* [Task objective]: Transcribe exactly, and only, the lines from the one containing "Esta única y" through the end of the entries below, leaving the pictures out.

* [Provided records]:
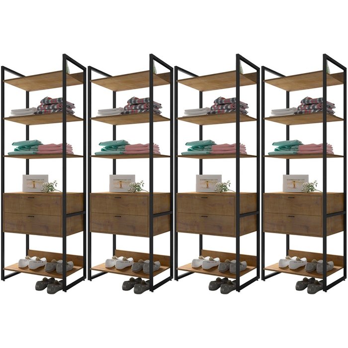 Assim, você pode ter o ambiente belo e funcional que tanto deseja atendendo às suas necessidades e que se adequem ao espaço disponível. Nisso, a Mpozenato apresenta o Guarda Roupa Modulado Closet! São 4 módulos de estrutura em aço e 16 prateleiras em MDP de alta qualidade, contando com 8 gavetas de deslize suave, tudo para facilitar a organização das suas roupas e sapatos. Aliás, os módulos são versáteis, ou seja, podem ser utilizados em outros cômodos de acordo com a que você precisar!
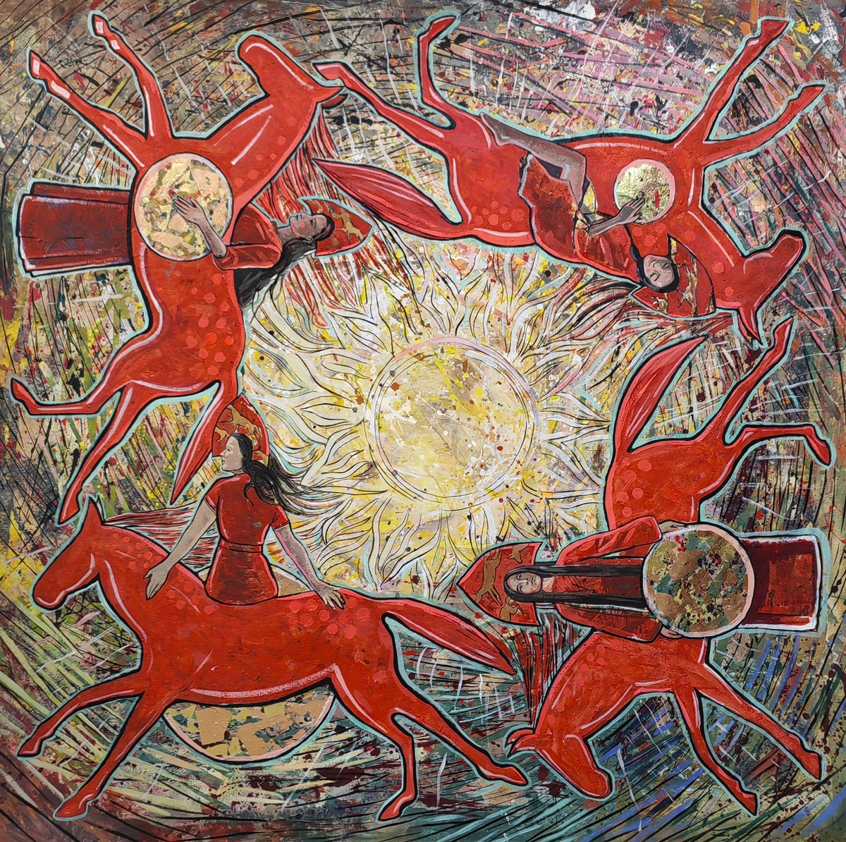 "Четыре красных солнца." Работа про основные праздники, связанные с солнцем. Самый короткий день-зимнее солнцестояние Коляда. Умирает старое солнце и рождается новое. Самый длинный день и самое большое солнце Купала. Весеннее равноденствие Масленица комоедица и осеннее равноденствие Хорос. Бегущие красные кони как бесконечный круговорот этих состояний Картину можно повесить любой из четырех сторон вверх или менять расположнние по сезонам, наполняя пространство мощью красного солнца
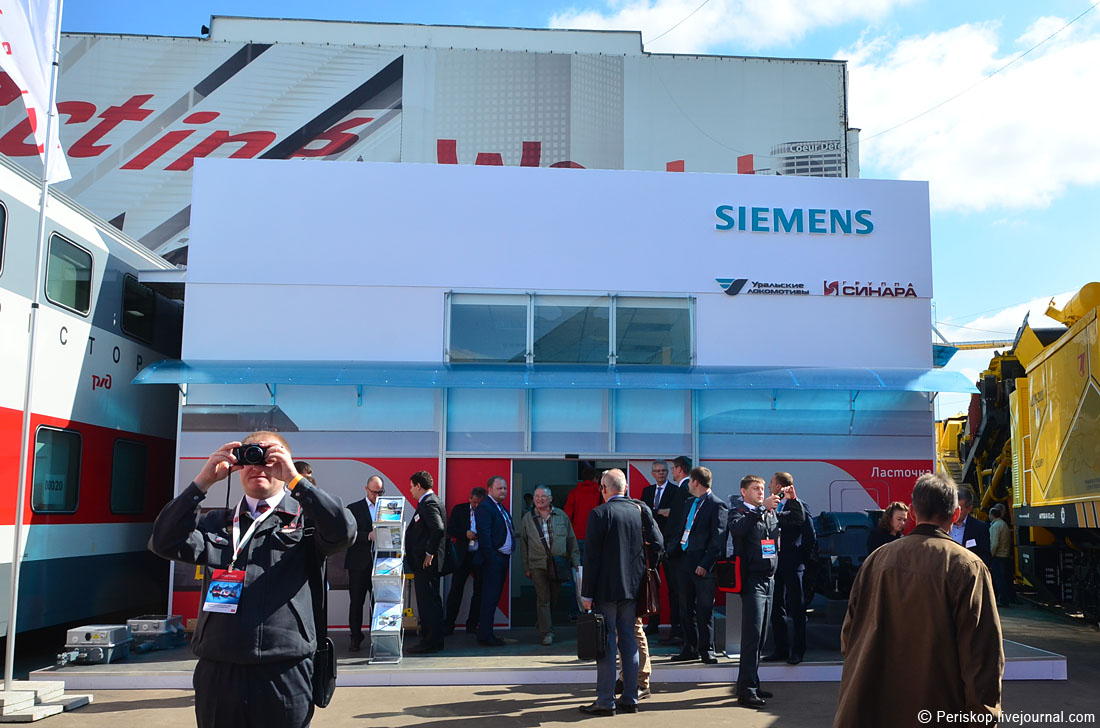 26. Западников на ЭКСПО было много: и «Сименс» и «Альстом» отгрохали здоровенные отдельные павильоны. Интересно, что «Сименс» в газовых турбинах «рыбу не заворачивает», а вот в ж/д проектах — ещё как «заворачивает» и борется за большой российский рынок.
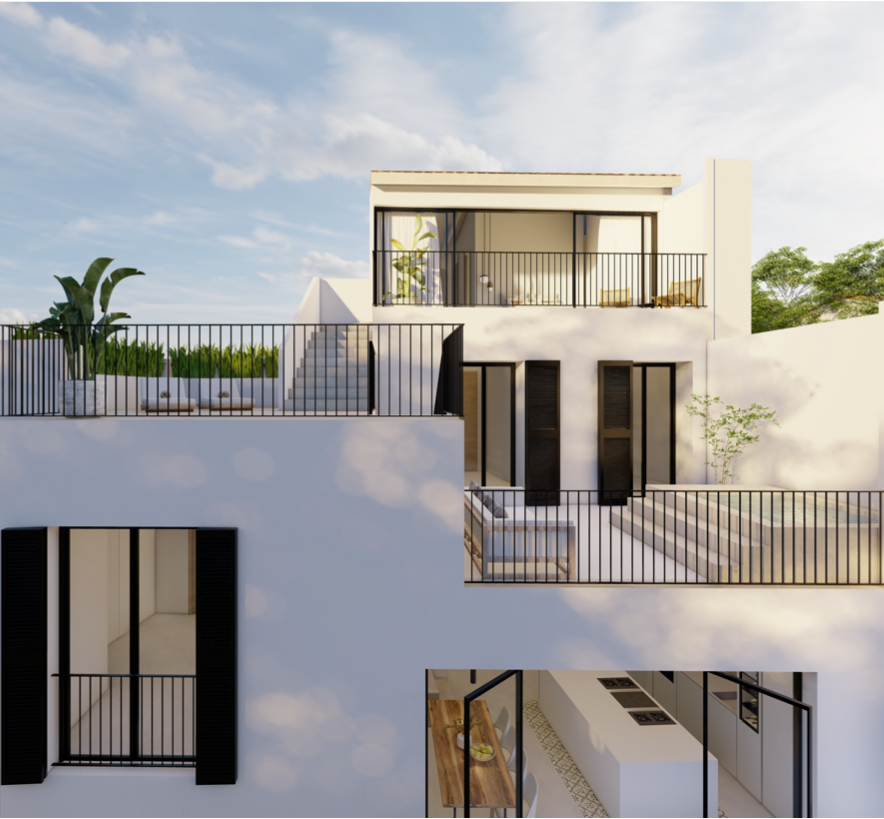 Esta única y lujosa casa adosada se está construyendo en el corazón de Santanyi a pocos pasos de la plaza del mercado en una tranquila calle lateral.
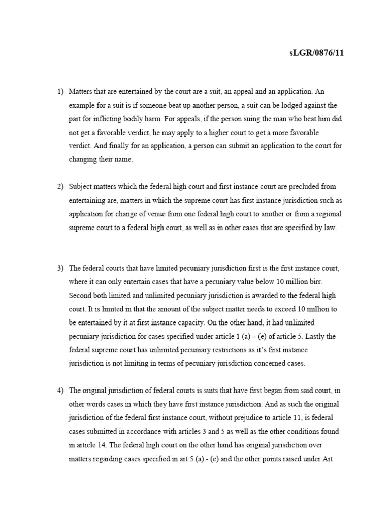 Civil Procedure Notes and answers Jurisdiction 2 Types of courts to
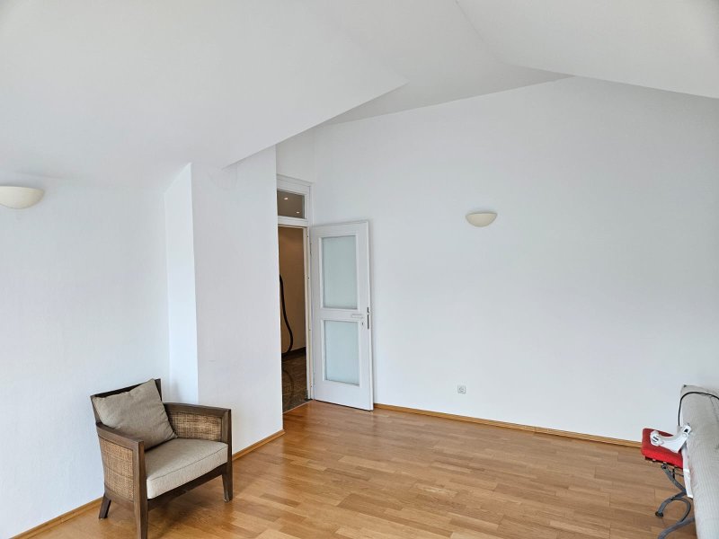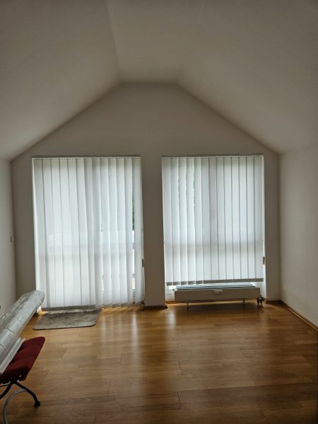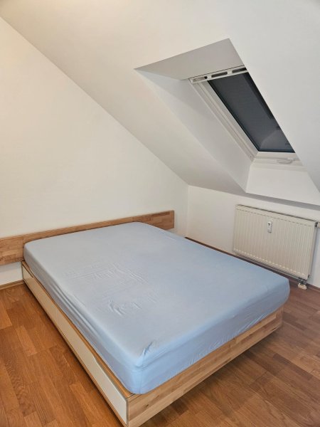 Das Schlafzimmer und die Küche haben eine Dachschräge. Die darin befindlichen Fenster und Rollos sind elektrisch bedienbar.
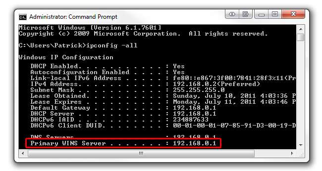 Teraz upewnijmy się, że nasz komputer faktycznie korzysta z serwera WINS, który właśnie skonfigurowaliśmy. Śmiało i otwórz wiersz poleceń i wpisz „ipconfig –all”. Być może będziesz musiał przewinąć w dół, aby zobaczyć aktualną kartę sieciową, ale kiedy szukasz wiersza z napisem „Podstawowy serwer WINS”. Obok powinien być adres IP routera. Jeśli nie widzisz adresu IP routera, spróbuj ponownie uruchomić komputer i ponownie uruchomić polecenie. Czasami serwer WINS nie aktualizuje się, dopóki nowy adres IP nie zostanie odnowiony z serwera DHCP.
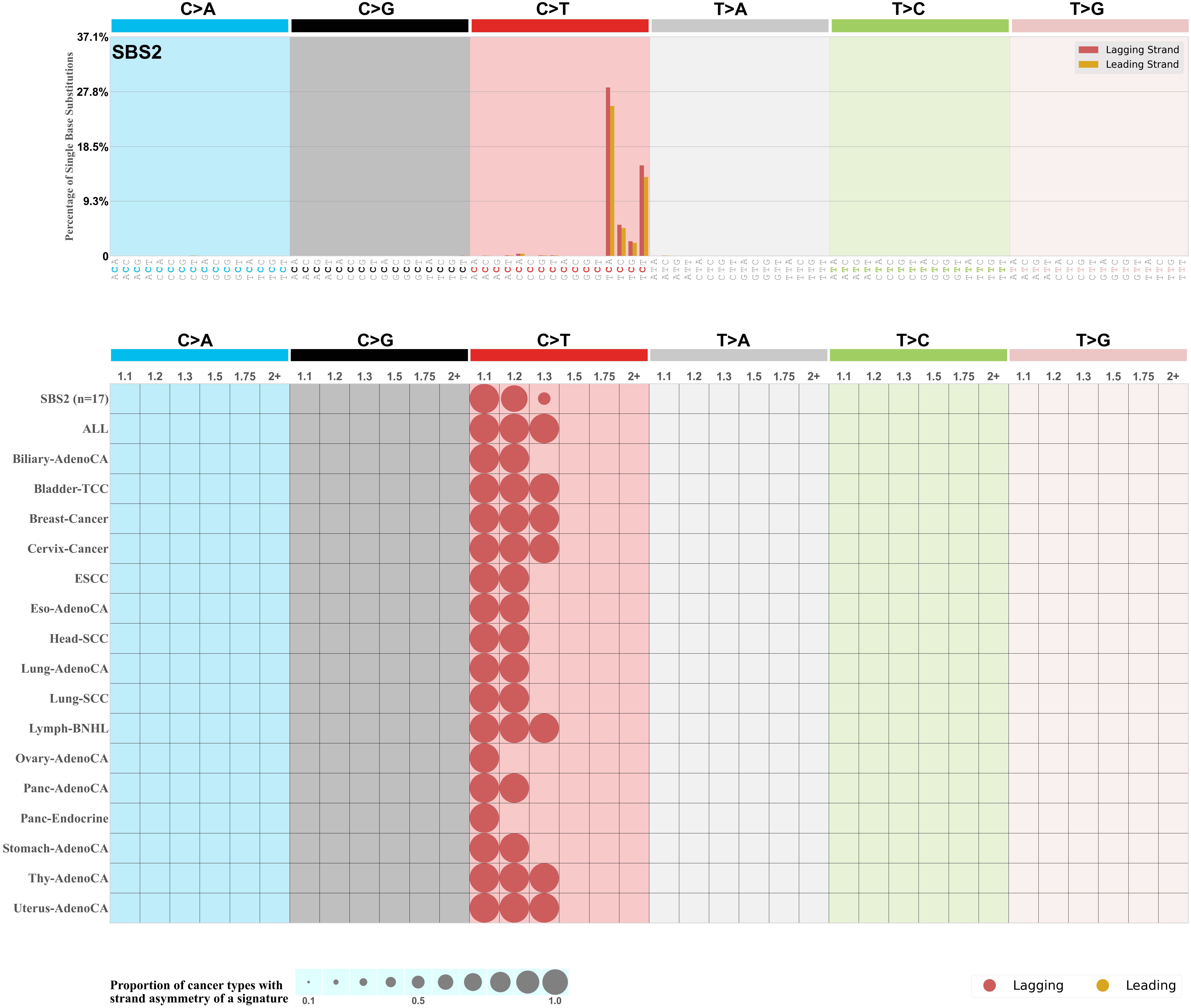 In the lower circle plot, the circles are filled with the colour of the significant strand when there is an odds ratio of at least 1.1 with statistical significance. The first row of this plot displays the replicational strand asymmetry across all cancer types, while the remaining rows present replicational strand asymmetry for each cancer type.

* [Task output]:
 Esta única y lujosa casa adosada se está construyendo en el corazón de Santanyi a pocos pasos de la plaza del mercado en una tranquila calle lateral.
 Civil Procedure Notes and answers Jurisdiction 2 Types of courts to
 Das Schlafzimmer und die Küche haben eine Dachschräge. Die darin befindlichen Fenster und Rollos sind elektrisch bedienbar.
 Teraz upewnijmy się, że nasz komputer faktycznie korzysta z serwera WINS, który właśnie skonfigurowaliśmy. Śmiało i otwórz wiersz poleceń i wpisz „ipconfig –all”. Być może będziesz musiał przewinąć w dół, aby zobaczyć aktualną kartę sieciową, ale kiedy szukasz wiersza z napisem „Podstawowy serwer WINS”. Obok powinien być adres IP routera. Jeśli nie widzisz adresu IP routera, spróbuj ponownie uruchomić komputer i ponownie uruchomić polecenie. Czasami serwer WINS nie aktualizuje się, dopóki nowy adres IP nie zostanie odnowiony z serwera DHCP.
 In the lower circle plot, the circles are filled with the colour of the significant strand when there is an odds ratio of at least 1.1 with statistical significance. The first row of this plot displays the replicational strand asymmetry across all cancer types, while the remaining rows present replicational strand asymmetry for each cancer type.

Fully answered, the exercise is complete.